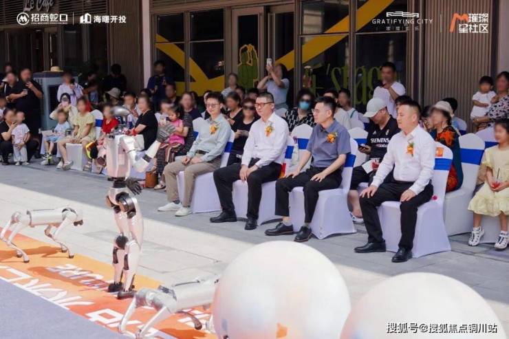 活动现场人潮涌动,欢声笑语不绝于耳!威武灵动的舞狮巡游拉开序幕,科技人与科技狗炫酷互动引来阵阵惊呼,萌宠展区羊驼、小浣熊与柯尔鸭吸引众多家庭驻足。未来社区沉浸式游戏体验区排起长队,定时红包雨将气氛推向高潮,而落日放映室前坐满了悠闲观影的人群,整个街区洋溢着科技感与烟火气交融的热烈氛围。
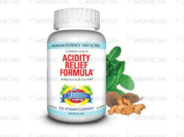 Product Name: Acidity Relief Formula Cap 20'sProduct Form: Softgel CapsulesPack Size: 20'sMarketed By: The Vitamin CompanyGeneric Category: Nutritional Supplement Ingredients: Herbal blend of acidity relief formula
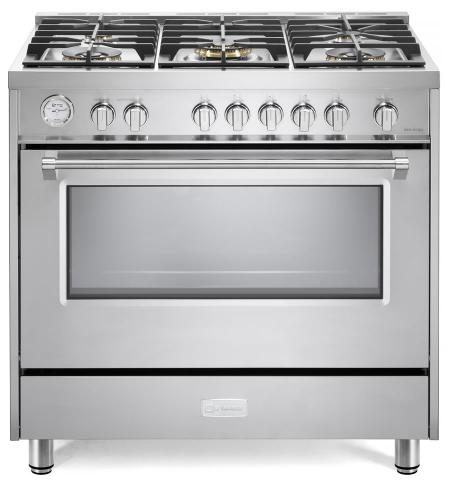 The Verona Designer series – All Gas Range takes it to the next level. Featuring all of the performance, power and features of the Verona Prestige Series this upgraded range boasts a larger, more efficient oven cavity and deeper footprint at 25 ¼”. New features include brass burners, an analog thermometer, a pullout storage drawer, 1” backguard, a color matched control panel, soft close oven door, dual convection fans and so much more. Currently available in Single Oven Gas or Electric. Soon to be available in Dual Fuel, both single & double oven. These ranges offer professional performance with a splash of style for any kitchen.
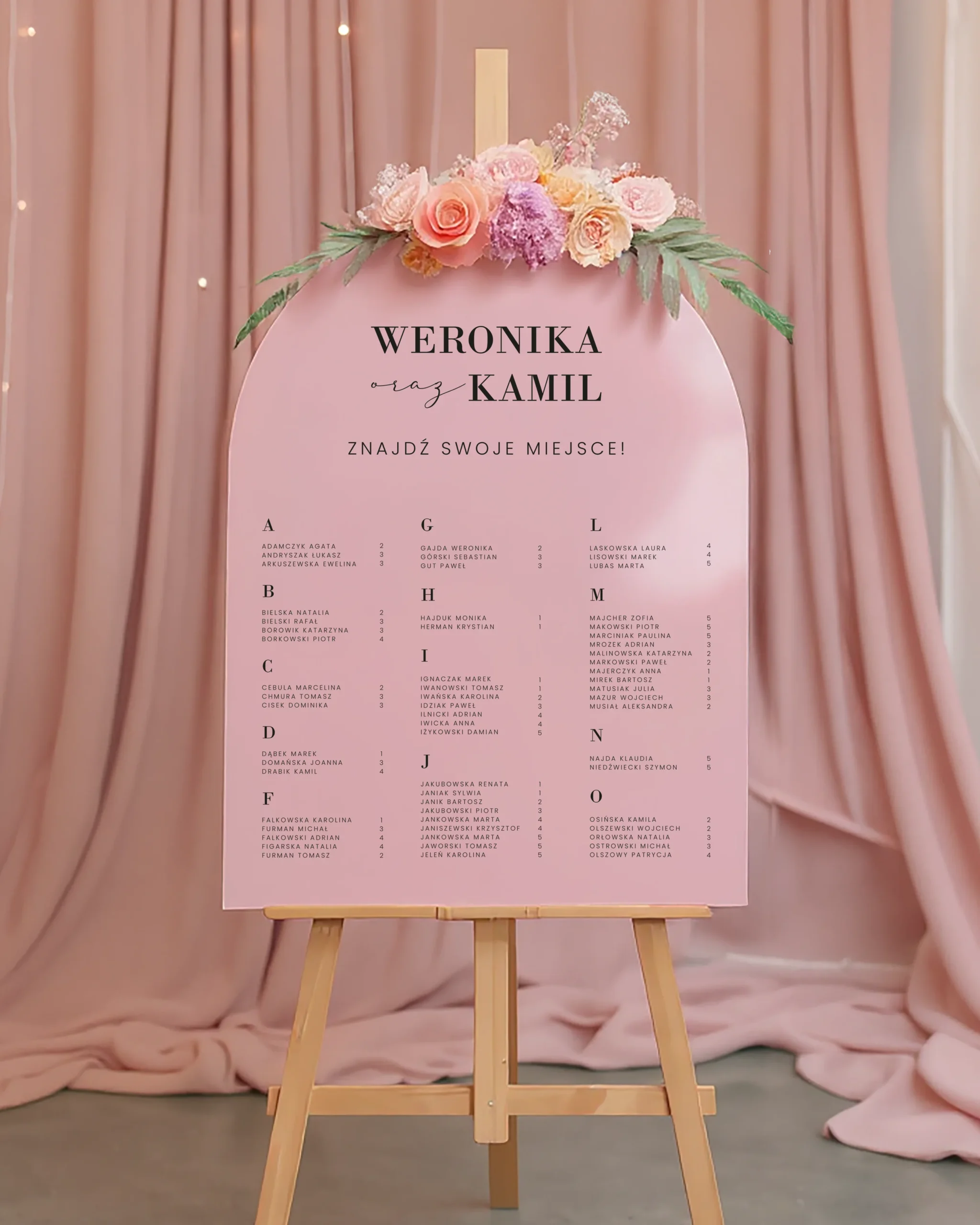 Plan układamy na podstawie przesłanej listy gości – jeśli zostanie podzielona na stoły, rozkład będzie według stołów. Jeśli goście będą podani w kolejności alfabetycznej, przygotujemy plan w wersji alfabetycznej.
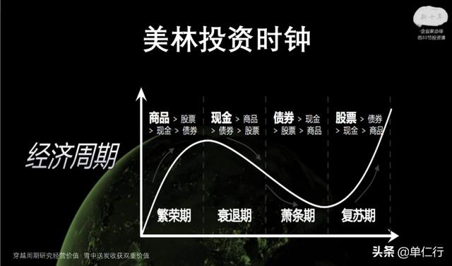 时间精力比较多的投资者,可以借鉴【美林投资时钟】模型,从宏观中研究投资策略。
+ + + +
• **Work to complete**:
Skip the pictures and output all entries exactly.

• **Your response**:
 活动现场人潮涌动,欢声笑语不绝于耳!威武灵动的舞狮巡游拉开序幕,科技人与科技狗炫酷互动引来阵阵惊呼,萌宠展区羊驼、小浣熊与柯尔鸭吸引众多家庭驻足。未来社区沉浸式游戏体验区排起长队,定时红包雨将气氛推向高潮,而落日放映室前坐满了悠闲观影的人群,整个街区洋溢着科技感与烟火气交融的热烈氛围。
 Product Name: Acidity Relief Formula Cap 20'sProduct Form: Softgel CapsulesPack Size: 20'sMarketed By: The Vitamin CompanyGeneric Category: Nutritional Supplement Ingredients: Herbal blend of acidity relief formula
 The Verona Designer series – All Gas Range takes it to the next level. Featuring all of the performance, power and features of the Verona Prestige Series this upgraded range boasts a larger, more efficient oven cavity and deeper footprint at 25 ¼”. New features include brass burners, an analog thermometer, a pullout storage drawer, 1” backguard, a color matched control panel, soft close oven door, dual convection fans and so much more. Currently available in Single Oven Gas or Electric. Soon to be available in Dual Fuel, both single & double oven. These ranges offer professional performance with a splash of style for any kitchen.
 Plan układamy na podstawie przesłanej listy gości – jeśli zostanie podzielona na stoły, rozkład będzie według stołów. Jeśli goście będą podani w kolejności alfabetycznej, przygotujemy plan w wersji alfabetycznej.
 时间精力比较多的投资者,可以借鉴【美林投资时钟】模型,从宏观中研究投资策略。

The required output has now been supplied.